→ Goal of the exercise
All the lines below need to be transcribed exactly. Pictures get left out.

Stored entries
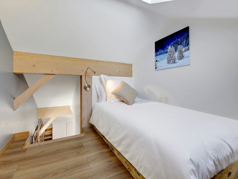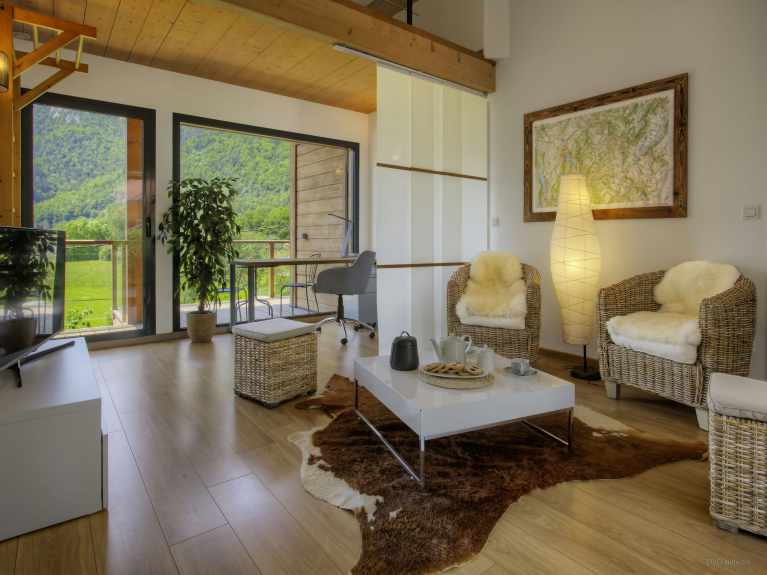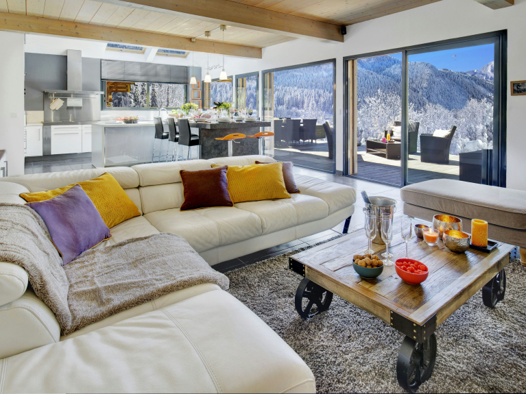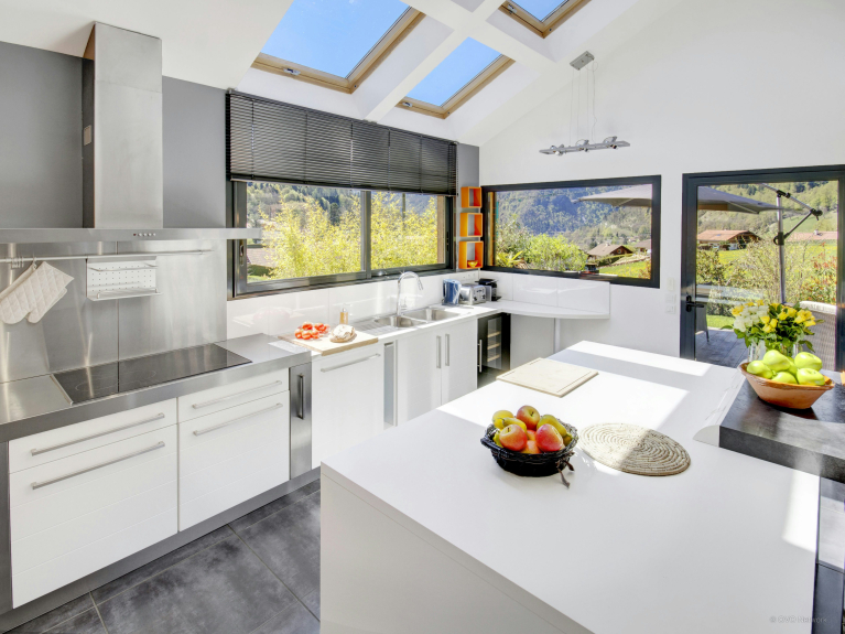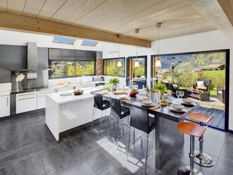 Le chalet est inondé de lumière, grâce à de hauts plafonds et de nombreuses ouvertures, faisant du chalet de Rollon un lieu contemporain et spacieux.
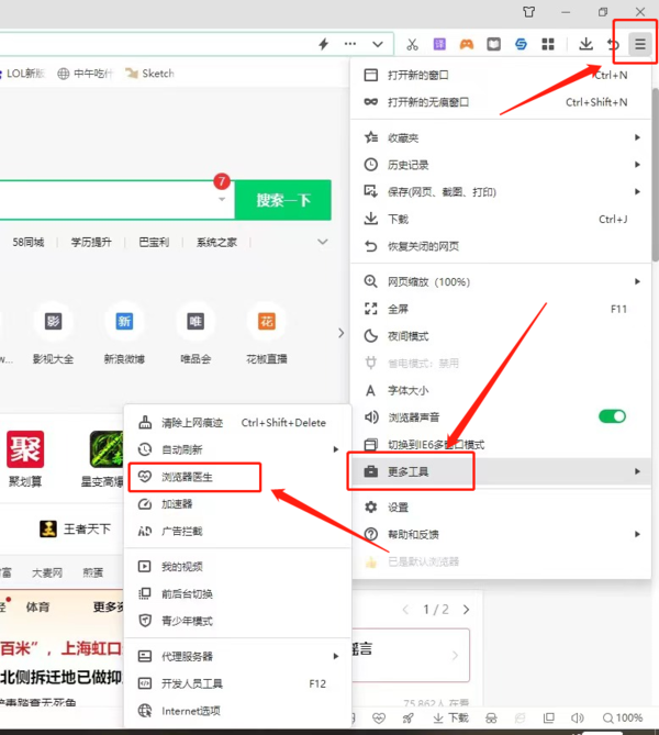 解决360浏览器闪退的问题可以借助浏览器本身内置的修复工具,点击右上角的“显示浏览器工具及常用设置选项”,接着在出现的菜单底部位置点击“更多工具”,然后再左侧的选险种单击“浏览器医生”。
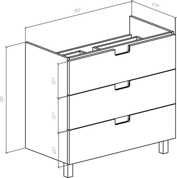 - Габариты: ширина 86.2 см, глубина 44 см, высота 47.2 см
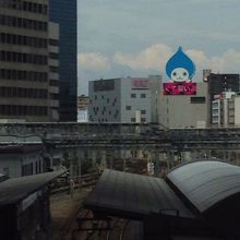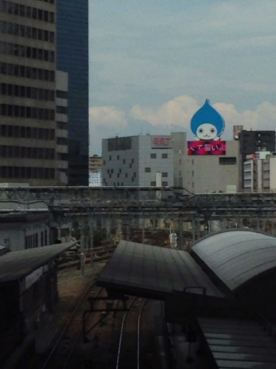 大阪駅に着くと3階の南北連絡橋にベンチがあったので休んでいると正面にインドみたいな頭をした顔が見えました。アドバルーンか何かかなと思ったらビルの上に設置されている看板のようで、どこかでみた覚えもある顔ですが、ダイキンのキャラクターでした。
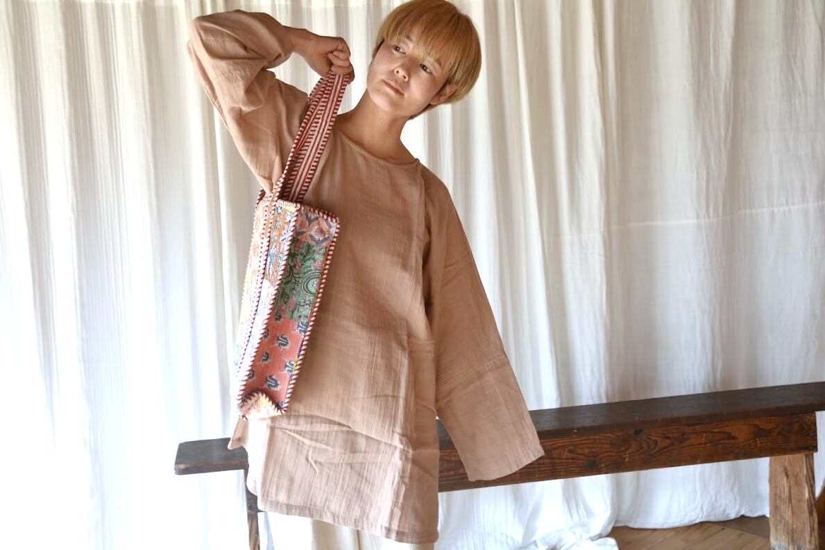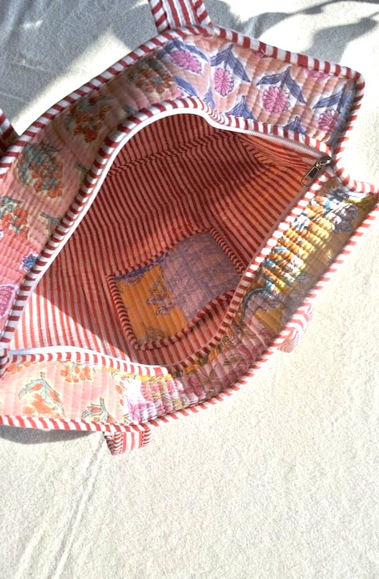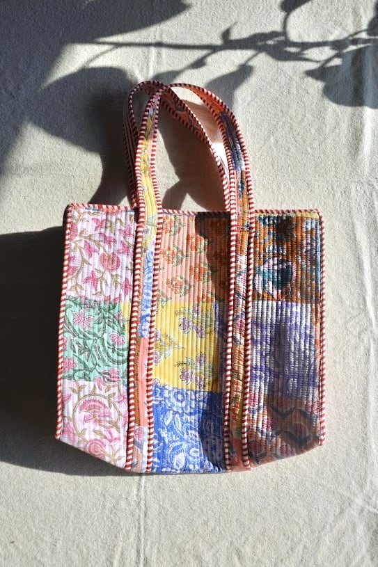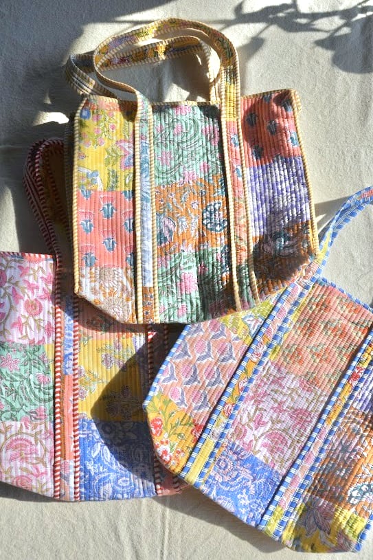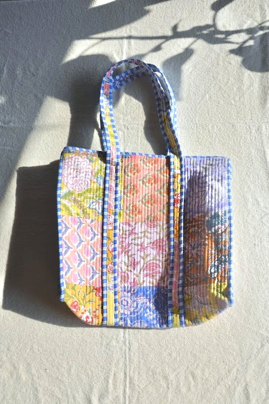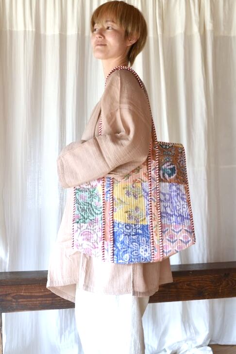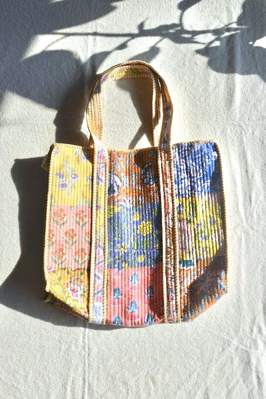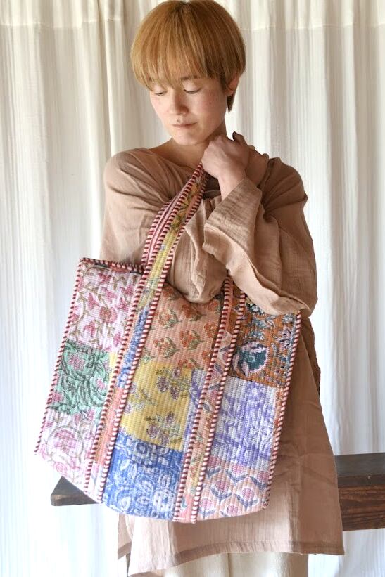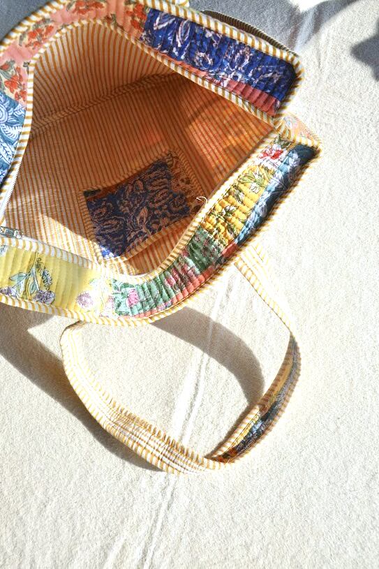 インドの伝統技法、ブロックプリントで仕立てたキルトバッグ。

→ Reply
 Le chalet est inondé de lumière, grâce à de hauts plafonds et de nombreuses ouvertures, faisant du chalet de Rollon un lieu contemporain et spacieux.
 解决360浏览器闪退的问题可以借助浏览器本身内置的修复工具,点击右上角的“显示浏览器工具及常用设置选项”,接着在出现的菜单底部位置点击“更多工具”,然后再左侧的选险种单击“浏览器医生”。
 - Габариты: ширина 86.2 см, глубина 44 см, высота 47.2 см
 大阪駅に着くと3階の南北連絡橋にベンチがあったので休んでいると正面にインドみたいな頭をした顔が見えました。アドバルーンか何かかなと思ったらビルの上に設置されている看板のようで、どこかでみた覚えもある顔ですが、ダイキンのキャラクターでした。
 インドの伝統技法、ブロックプリントで仕立てたキルトバッグ。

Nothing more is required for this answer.